Burns

Introduction

Burns are characterized as

  • First degree - Red/painful, minor swelling.
  • Second degree - Thicker, very painful, produce blisters.
  • Third degree - Damage to all layers of skin, appears white or charred.

Burn Depths



The Need of Referral

Burns from chemical or electricity exposure or in immunosuppressed patients should be referred for emergency medical care.

If the burn is first or second degree, OTC treatment is acceptable if the area is less than two inches in diameter and not located on the face, over a major joint or on the feet.

  • In diabetes, a burn on a foot, even mild, could lead to an amputation. Vigilance is required.



Initial Management

Most minor burns can be treated at home.

  • They usually heal within a couple of weeks.

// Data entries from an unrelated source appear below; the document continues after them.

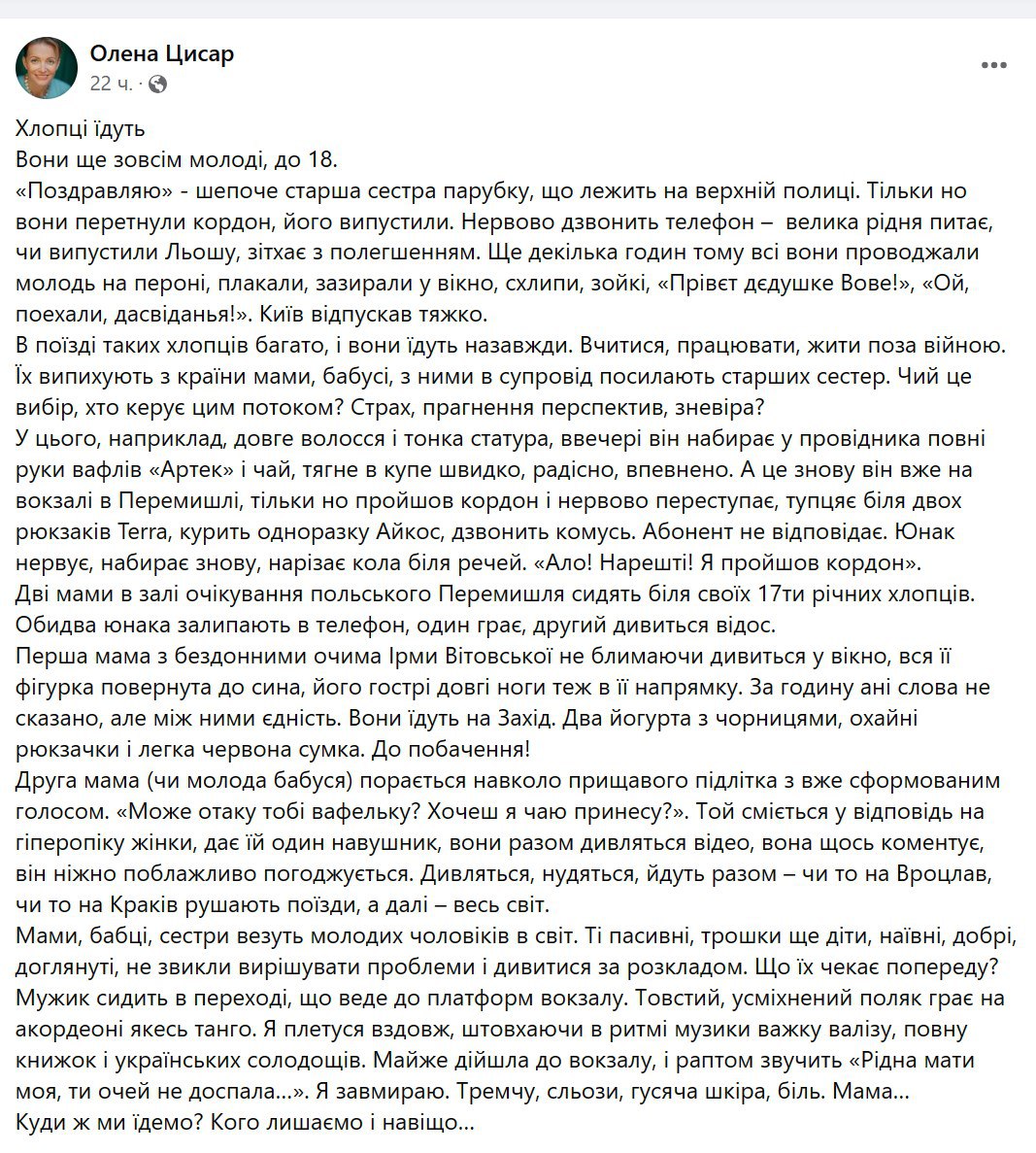 Киевлянка Елена Цисар, выезжая из Украины на поезде  сообщила, что "парни уезжают". Она наблюдала несколько ребят, которые пересекли границу и радостно сообщали об этом родственникам по телефону. Либо же их поздравляли с выездом сопровождающие члены семьи.
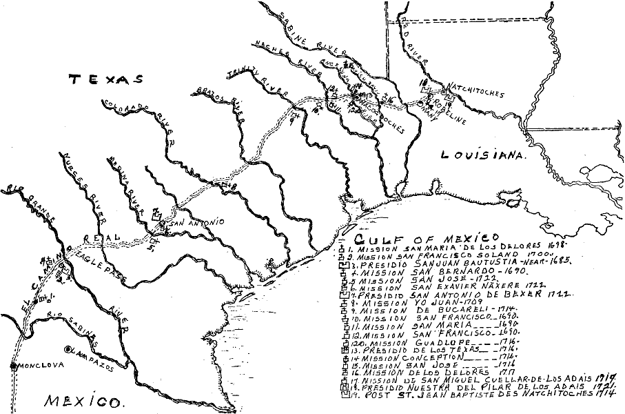 El Camino Real, The Royal Road, The King’s Highway, The Contraband Trail, The Old San Antonio Trace, The Old Texas Trail, and, lastly, Louisiana Highways 6 and 21 through Texas. This Southland’s busiest highway served the outlaw, the murderer, the slave trader, and the priest, as well as the sinner. Regardless of which direction one traveled he had to pass the Adais and the Neutral Strip—this area so filled with love, hate, jealousy, generosity, selfishness, prosperity, and despair. If at all this be possible, then this was El Camino Real, Los Adais and the Neutral Strip.
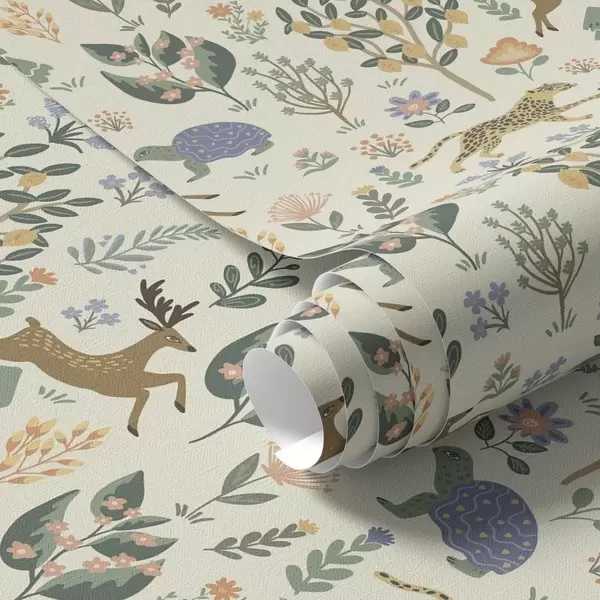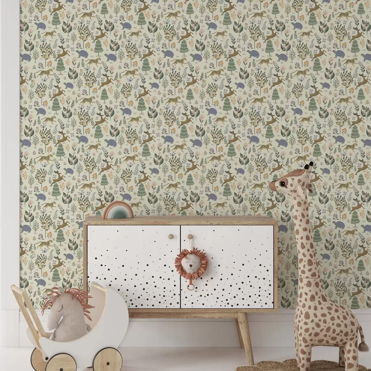 Tapetti Retro kuvitus leopardeja, puita ja peuroja kanssa Nr. a00184

Minor burns should be treated first by running the burn under cold tap water for a minimum of 20-30 minutes.

  • Do not apply ice as it can further damage injured skin.
  • Bandaging is not always necessary for minor burns unless there is broken skin or blisters pop.

Petroleum jelly, aloe vera gel or hydrogel may be used for skin protection over a minor burn to hold in moisture and reduce scarring risk.

  • However, consult a doctor for second-degree or deeper burns.

Silver sulfadiazine can be used topically to reduce infection risk and promote healing.

  • If the skin is broken, systemic toxicity could occur.
  • Do not use with sulfa allergy or G6PD deficiency (due to haemolysis risk).

NOTE: Fluid-filled blisters protect against infection, hence do not break blisters. If a blister breaks, clean the area with water (mild soap is optional). Apply an antibiotic ointment (e.g. mupirocin, bacitracin or polymyxin B).